To answer this question: Solve (x-1)^2=-49

Suppose your classmate wrote the first step of the solution as:

Take square root

x – 1 = 7 or x - 1 = -7

We now add 1 to each side of equations to solve for x.

x = 8 or x = -6

This is not correct since neither answer checks in the original equation. Can you correct this error? Please explain your thinking in simple language.

 

[Deleted member 4993]

I need some help. Can anyone help me? We are doing quadratic equations. I am lost.

First problem; q(x)= 2x^2 + 3x - 1

Can you write the solution of quadratic equation for us. If you cannot find it in your textbook - google it.

The other problem;
Question:

To answer this question: Solve (x-1)^2=-49

Suppose your classmate wrote the first step of the solution as:

Take square root << There is a negative sign in front of 49 ? what does that imply?

x – 1 = 7 or x - 1 = -7

We now add 1 to each side of equations to solve for x.

x = 8 or x = -6

This is not correct since neither answer checks in the original equation. Can you correct this error? Please explain your thinking in simple language.

 

[dbngshuroy]

I need some help. Can anyone help me? We are doing quadratic equations. I am lost.

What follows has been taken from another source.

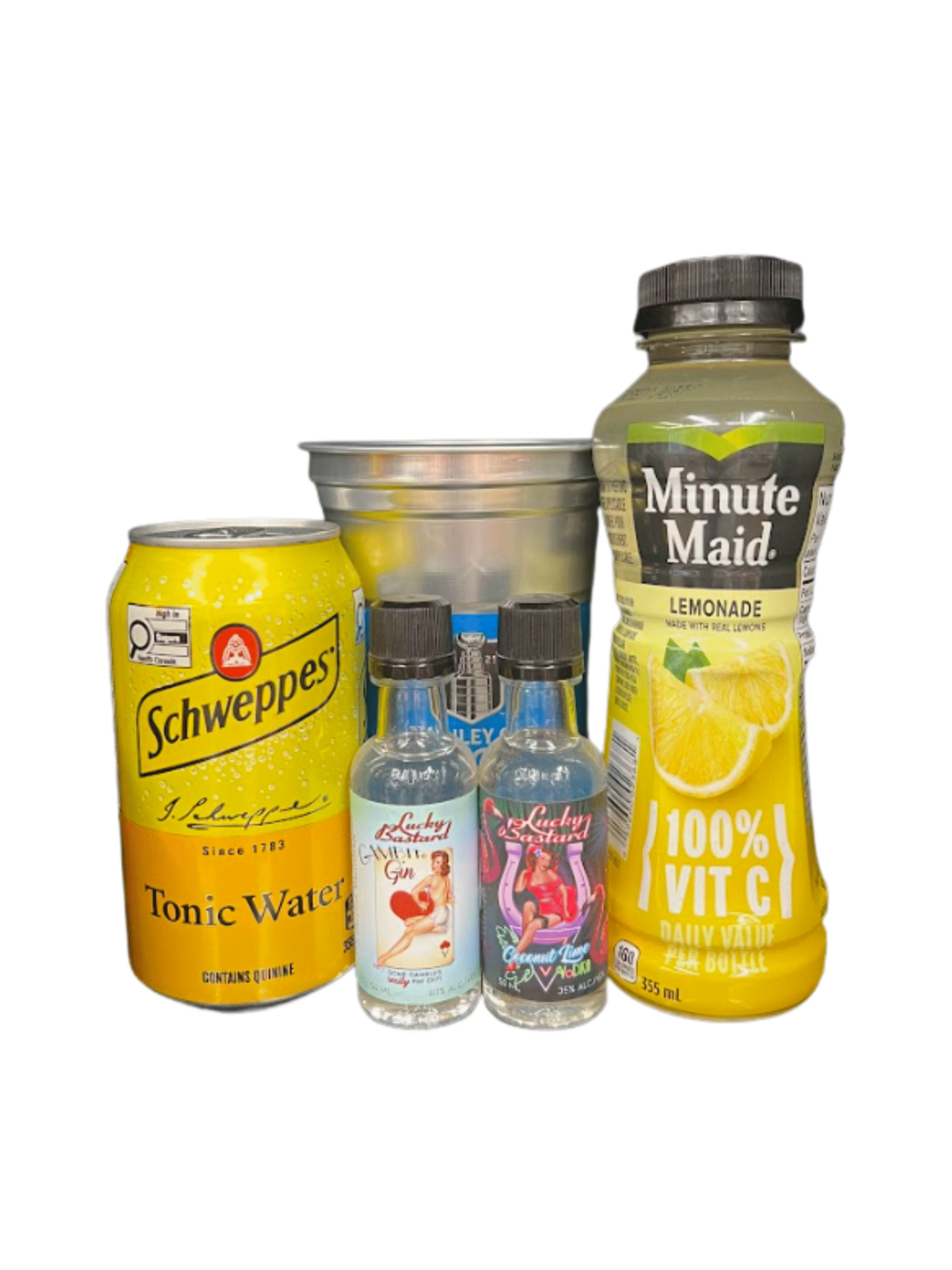 Includes 1C Tonic Water, 1 small lemonade, 1 Lucky Bastard Gin 50ML, 1 Lucky Bastard Coconut Lime 50ML.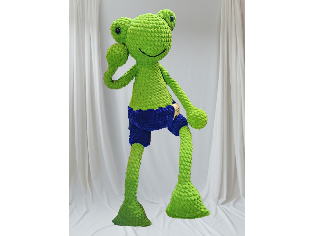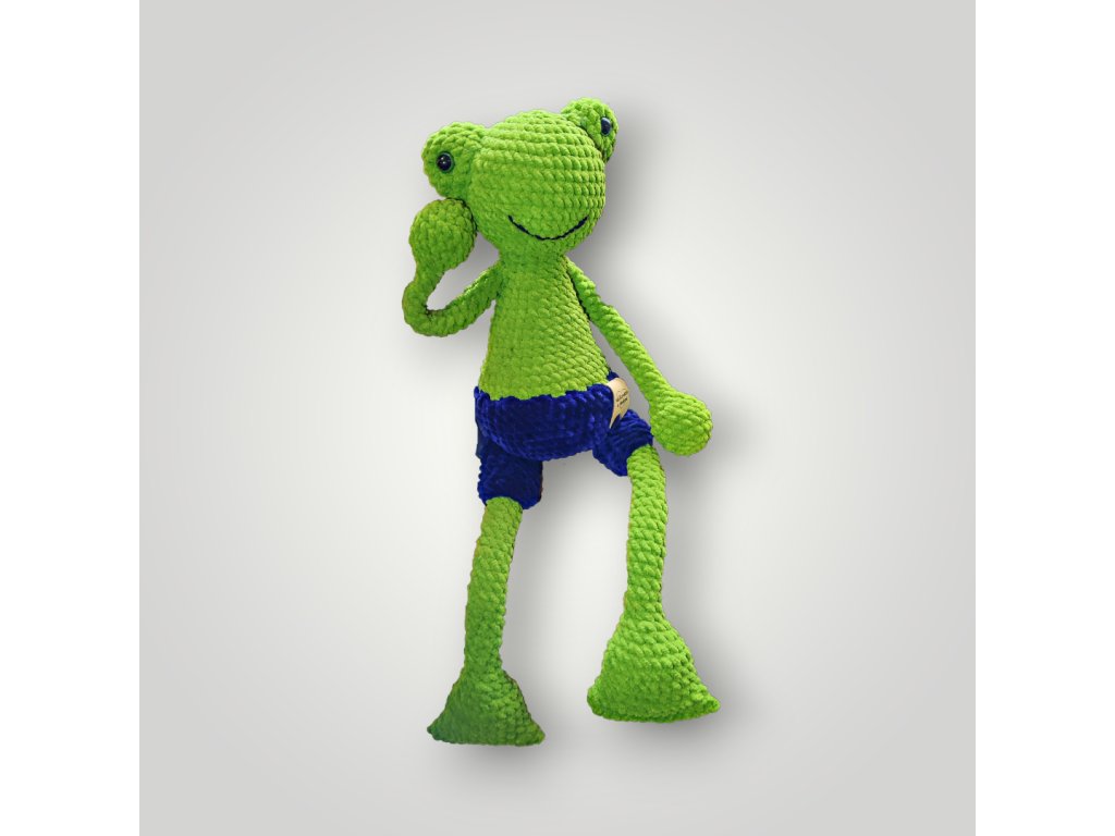 Jemný a měkoučký háčkovaný žabák ze žinylové příze je jako stvořený pro mazlení a klidné usínání. Díky hebkému materiálu se skvěle hodí jako uspávací hračka pro malé i větší děti. Roztomilý vzhled doplňují modré kraťasy, které mu dodávají hravý charakter. Návod je přehledný a provede vás krok za krokem celým postupem výroby.

First problem; q(x)= 2x^2 + 3x - 1

Problem1: q(x)= 2x^2 + 3x - 1 . I have to find the roots of the polynomial .Right?
Let's take a more general equation ax^2 + bx + c = 0 [a != 0]

Solving it we get

You can know it's proof from http://en.wikipedia.org/wiki/Quadratic_equation
your problem is a special case of the gen. equation. so putting a = 2 , b = 3 ,c = -1 you get the solution.

The other problem;
Question:

To answer this question: Solve (x-1)^2=-49

Suppose your classmate wrote the first step of the solution as:

Take square root

x – 1 = 7 or x - 1 = -7

We now add 1 to each side of equations to solve for x.

x = 8 or x = -6

This is not correct since neither answer checks in the original equation. Can you correct this error? Please explain your thinking in simple language.

Problem2:
(x-1)^2 = -49 does not imply x-1 = 7,-7 so You can not write the step.
let's do an different approach.
(x-1)^2 + 49 = 0
(x-1)^2 +7^2 = 0
2[(x-1)^2 +7^2] = 0

(x+6)^2 + (x-8)^2 = 0

Now here is 2 conditions.

• 1. x is Real
  2. x is not Real

if the first condition is true then
x+6 =0 and x-8 = 0 simultaneously which is not possible.so case 1 is false.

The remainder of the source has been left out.